Foi pensando nisso que a FICO, empresa pioneira no uso de análises preditivas e ciência de dados para melhorar as decisões operacionais, divulga algumas dicas valiosas para o período e destaca que há dois caminhos principais que abrem espaço para vulnerabilidades as fraudes em pagamentos de compras feitas on-line e o saque de dinheiro em caixa eletrônico. “A Black Friday e a Cyber Monday são um período que historicamente apresentam um aumento de fraudes de pagamentos. Com isso em mente, indicamos algumas maneiras simples para os compradores se protegerem enquanto aproveitam os descontos”, afirma Fabricio Ikeda, diretor de fraudes para América Latina da FICO.

Mantenha a segurança on-line

Se verificar algo estranho em um site, procure outro lugar para fazer compras.
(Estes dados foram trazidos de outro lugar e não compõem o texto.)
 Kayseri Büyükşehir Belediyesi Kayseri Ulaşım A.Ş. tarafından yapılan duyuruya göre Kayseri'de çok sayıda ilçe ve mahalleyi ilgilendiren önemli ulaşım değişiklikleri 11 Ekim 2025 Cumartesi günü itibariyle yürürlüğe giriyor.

Se você já efetuou o pagamento e depois suspeitar da compra, informe imediatamente seu banco;

Cuidado com e-mails prometendo descontos incríveis. Ao invés de clicar em um link diretamente do e-mail ou de um SMS, acesse diretamente o site do varejista. Os hackers podem falsificar websites, por isso certifique-se que você está comprando no site oficial;

Se estiver criando uma nova conta em um site, defina uma senha forte e que não tenha sido utilizada antes.

Verifique suas compras

Sempre verifique as transações feitas em seu cartão de crédito por meio do extrato bancário e pelo site do banco.
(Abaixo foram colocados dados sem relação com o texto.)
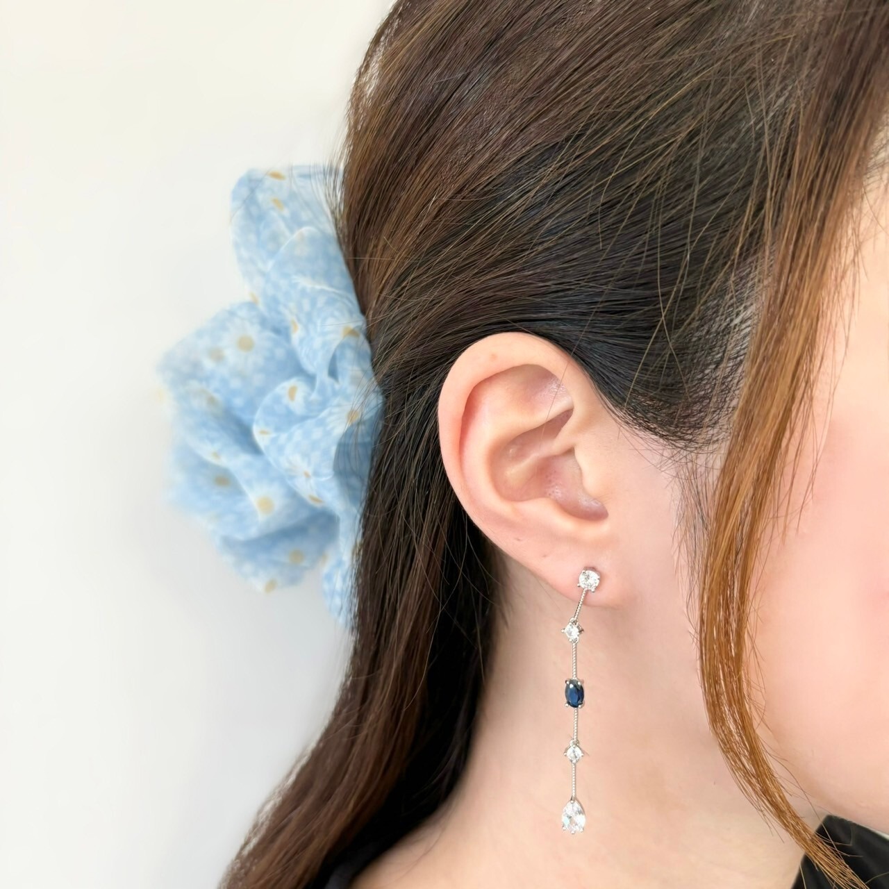 1粒カラーロングビジューピアス

O emissor do seu cartão é seu parceiro

Caso suspeite que seu cartão possa ter sido comprometido ou clonado, peça imediatamente ao banco um novo cartão. É importante alterar também a senha sempre que houver uma suspeita de roubo de informações pessoais;

Verifique se o emissor do cartão oferece tecnologia de alerta de comunicações por SMS ou e-mails para o caso de suspeita de atividade fraudulenta em seu cartão;
Atualize suas informações de endereço e telefone celular para cada cartão. Isso permitirá que você seja rapidamente localizado em caso de uma situação crítica que exija sua atenção imediatamente.
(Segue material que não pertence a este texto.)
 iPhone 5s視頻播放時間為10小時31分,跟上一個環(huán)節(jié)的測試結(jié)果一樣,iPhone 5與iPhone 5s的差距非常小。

Cuidado com a engenharia social

O banco nunca pede sua senha em contatos telefônicos. Por isso, se você receber uma ligação suspeita em que uma pessoa diz ser do seu banco, desligue e ligue diretamente para a central de atendimento.

Tome cuidado em caixas eletrônicos:

Se um caixa eletrônico parecer estranho ou o cartão não entrar na máquina, tente ir a outro local para sacar seu dinheiro;

Nunca se aproxime de um caixa eletrônico se houver uma pessoa estranha por perto. Nunca se envolva em conversas com outras pessoas em um caixa eletrônico e, no caso de caixas eletrônicos de rua, permaneça em seu automóvel até que outros usuários deixem o local;

Se por acaso seu cartão ficar preso no caixa eletrônico, informe ao emissor do cartão imediatamente. O usuário pode achar que o cartão foi capturado pelo caixa eletrônico, quando na realidade foi uma ação forjada por um criminoso próximo ao local.

Em geral, se algo parecer bom demais para ser verdade, pare por um momento e desconfie!